Time Limit: 2000MS		Memory Limit: 65536K
Total Submissions: 9923		Accepted: 4252

Description

Every year the cows hold an event featuring a peculiar version of hopscotch that involves carefully jumping from rock to rock in a river. The excitement takes place on a long, straight river with a rock at the start and another rock at the end, L units away from the start (1 ≤ L ≤ 1,000,000,000). Along the river between the starting and ending rocks, N (0 ≤ N ≤ 50,000) more rocks appear, each at an integral distance D_i from the start (0 < D_i < L).

To play the game, each cow in turn starts at the starting rock and tries to reach the finish at the ending rock, jumping only from rock to rock. Of course, less agile cows never make it to the final rock, ending up instead in the river.

Farmer John is proud of his cows and watches this event each year.

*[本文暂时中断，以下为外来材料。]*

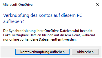 Wenn Sie die Verknüpfung aufheben, wird eine Synchronisierung mit dem PC beendet und die online verfügbaren Dateien werden entfernt. Die Dateien bleiben dann nur lokal vorhanden.

But as time goes by, he tires of watching the timid cows of the other farmers limp across the short distances between rocks placed too closely together. He plans to remove several rocks in order to increase the shortest distance a cow will have to jump to reach the end. He knows he cannot remove the starting and ending rocks, but he calculates that he has enough resources to remove up to M rocks (0 ≤ M ≤N).

FJ wants to know exactly how much he can increase the shortest distance *before* he starts removing the rocks. Help Farmer John determine the greatest possible shortest distance a cow has to jump after removing the optimal set of M rocks.

Input

Line 1: Three space-separated integers: L, N, and M  Lines 2..N+1: Each line contains a single integer indicating how far some rock is away from the starting rock. No two rocks share the same position.

Output

Line 1: A single integer that is the maximum of the shortest distance a cow has to jump after removing M rocks

Sample Input

25 5 2
2
14
11
21
17

Sample Output

4

Hint

Before removing any rocks, the shortest jump was a jump of 2 from 0 (the start) to 2. After removing the rocks at 2 and 14, the shortest required jump is a jump of 4 (from 17 to 21 or from 21 to 25)

题解：

河中起点终点各有一个石头，然后再给你N块石头，代表在河中的位置，问去掉M块石头后的最大最小值为多少，二分极大化最小值；二分错点就是关于里面的大于等于之类判断的问题，可以想成当l,r相等时谁最后判断的就好了，l+1跳出来，直接return l-1就可以了；

代码：

#include<iostream>
#include<algorithm>
#include<cstdio>
#include<cstring>
#include<cmath>
#include<vector>
using namespace std;
const int INF=0x3f3f3f3f;
#define mem(x,y) memset(x,y,sizeof(x))
#define SI(x) scanf("%d",&x)
#define PI(x) printf("%d",x)
#define T_T while(T--)
const int MAXN=50010;
int rock[MAXN];
int N,M;
int js(int x){
	int cnt=0;
	int last=rock[0];
	for(int i=1;i<=N+1;i++){
		if(rock[i]-last<x){
			cnt++;
		}
		else last=rock[i];
	}
	return cnt;
}
int erfen(int l,int r){
	int mid;
	while(l<=r){
		mid=(l+r)>>1;
		if(js(mid)>M)r=mid-1;//就把等号去了，后面变成l-1就对了。。。。
		else l=mid+1;
	}
	return l-1;
}
int main(){
	int L;
	while(~scanf("%d%d%d",&L,&N,&M)){
		rock[0]=0;
		for(int i=1;i<=N;i++)SI(rock[i]);
		rock[N+1]=L;
		sort(rock,rock+N+2);
		printf("%d\n",erfen(0,L));
	}
	return 0;
}